▶ _Assignment_
Leave the images behind and copy every record exactly.

▶ _Stored items_

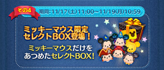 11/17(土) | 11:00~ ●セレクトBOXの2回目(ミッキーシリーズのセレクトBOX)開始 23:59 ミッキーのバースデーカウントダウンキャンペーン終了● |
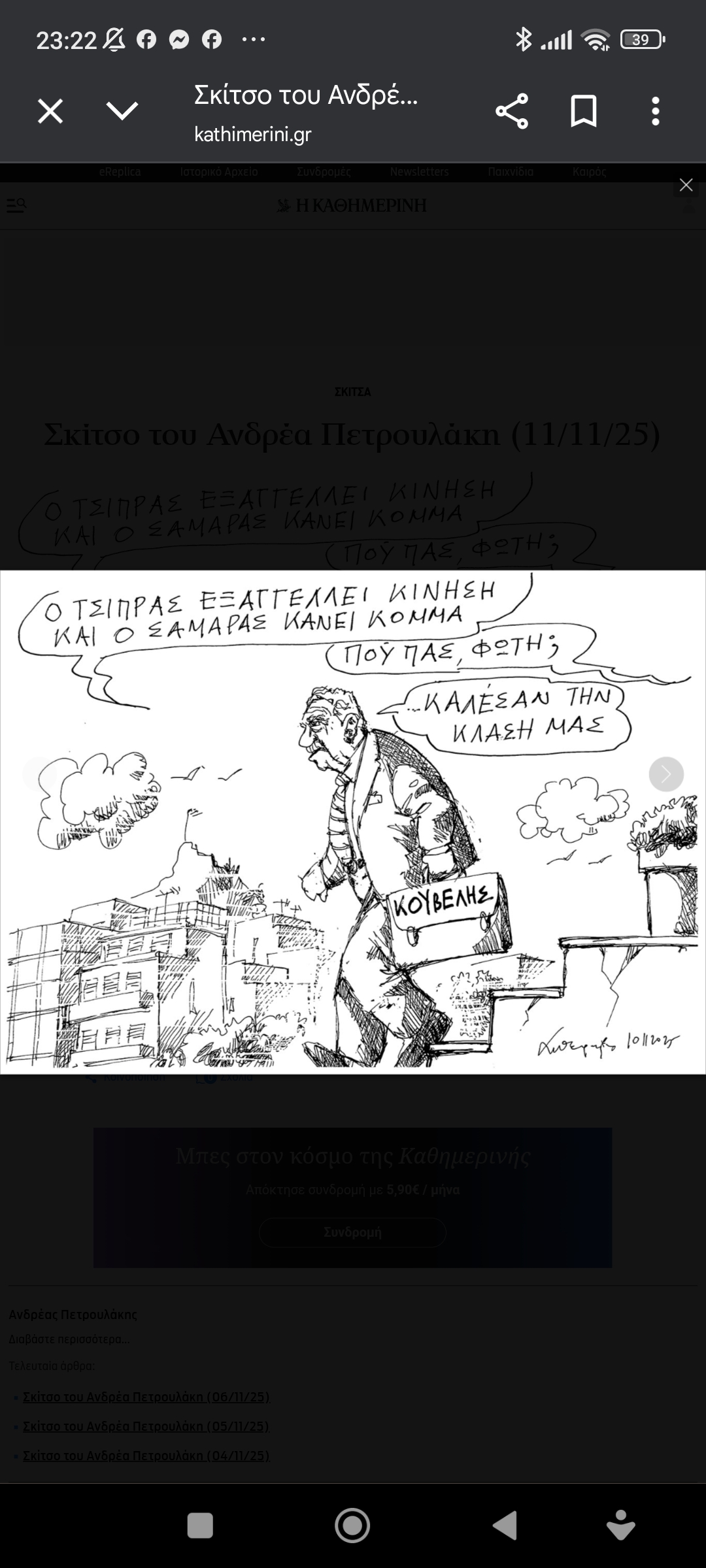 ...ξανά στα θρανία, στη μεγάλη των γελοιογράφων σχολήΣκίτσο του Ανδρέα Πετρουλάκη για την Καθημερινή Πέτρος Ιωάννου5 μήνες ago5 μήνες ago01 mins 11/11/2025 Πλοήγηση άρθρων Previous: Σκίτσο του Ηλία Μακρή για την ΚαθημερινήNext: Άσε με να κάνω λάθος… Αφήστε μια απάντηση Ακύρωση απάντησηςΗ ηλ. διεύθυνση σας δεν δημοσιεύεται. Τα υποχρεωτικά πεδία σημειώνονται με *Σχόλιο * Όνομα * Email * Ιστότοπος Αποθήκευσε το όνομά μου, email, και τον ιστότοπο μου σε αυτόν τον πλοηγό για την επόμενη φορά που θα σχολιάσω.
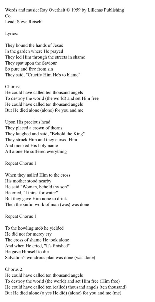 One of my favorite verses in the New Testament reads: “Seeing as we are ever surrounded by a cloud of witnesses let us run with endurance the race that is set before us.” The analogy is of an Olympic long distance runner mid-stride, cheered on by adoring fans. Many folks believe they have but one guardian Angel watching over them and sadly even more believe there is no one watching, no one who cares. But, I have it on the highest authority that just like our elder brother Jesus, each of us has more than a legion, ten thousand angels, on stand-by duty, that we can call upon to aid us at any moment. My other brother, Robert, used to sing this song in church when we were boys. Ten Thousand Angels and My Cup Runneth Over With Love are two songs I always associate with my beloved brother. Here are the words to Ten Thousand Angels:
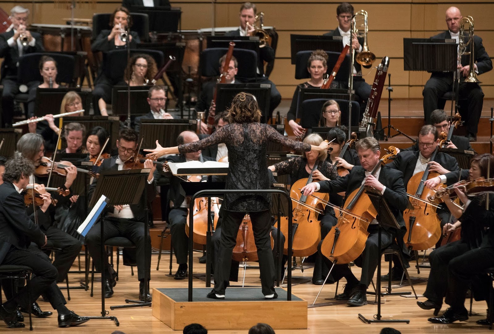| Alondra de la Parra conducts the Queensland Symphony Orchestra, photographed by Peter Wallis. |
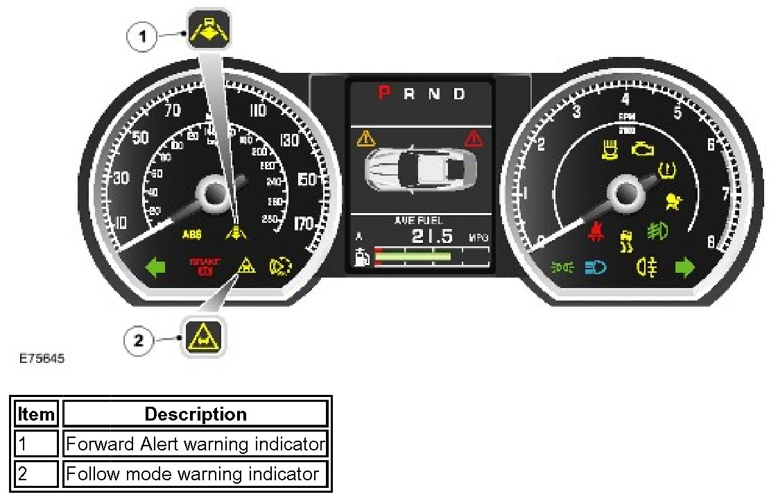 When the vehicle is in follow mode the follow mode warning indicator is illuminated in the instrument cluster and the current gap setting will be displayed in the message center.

▶ _Output of the exercise_
 11/17(土) | 11:00~ ●セレクトBOXの2回目(ミッキーシリーズのセレクトBOX)開始 23:59 ミッキーのバースデーカウントダウンキャンペーン終了● |
 ...ξανά στα θρανία, στη μεγάλη των γελοιογράφων σχολήΣκίτσο του Ανδρέα Πετρουλάκη για την Καθημερινή Πέτρος Ιωάννου5 μήνες ago5 μήνες ago01 mins 11/11/2025 Πλοήγηση άρθρων Previous: Σκίτσο του Ηλία Μακρή για την ΚαθημερινήNext: Άσε με να κάνω λάθος… Αφήστε μια απάντηση Ακύρωση απάντησηςΗ ηλ. διεύθυνση σας δεν δημοσιεύεται. Τα υποχρεωτικά πεδία σημειώνονται με *Σχόλιο * Όνομα * Email * Ιστότοπος Αποθήκευσε το όνομά μου, email, και τον ιστότοπο μου σε αυτόν τον πλοηγό για την επόμενη φορά που θα σχολιάσω.
 One of my favorite verses in the New Testament reads: “Seeing as we are ever surrounded by a cloud of witnesses let us run with endurance the race that is set before us.” The analogy is of an Olympic long distance runner mid-stride, cheered on by adoring fans. Many folks believe they have but one guardian Angel watching over them and sadly even more believe there is no one watching, no one who cares. But, I have it on the highest authority that just like our elder brother Jesus, each of us has more than a legion, ten thousand angels, on stand-by duty, that we can call upon to aid us at any moment. My other brother, Robert, used to sing this song in church when we were boys. Ten Thousand Angels and My Cup Runneth Over With Love are two songs I always associate with my beloved brother. Here are the words to Ten Thousand Angels:
| Alondra de la Parra conducts the Queensland Symphony Orchestra, photographed by Peter Wallis. |
 When the vehicle is in follow mode the follow mode warning indicator is illuminated in the instrument cluster and the current gap setting will be displayed in the message center.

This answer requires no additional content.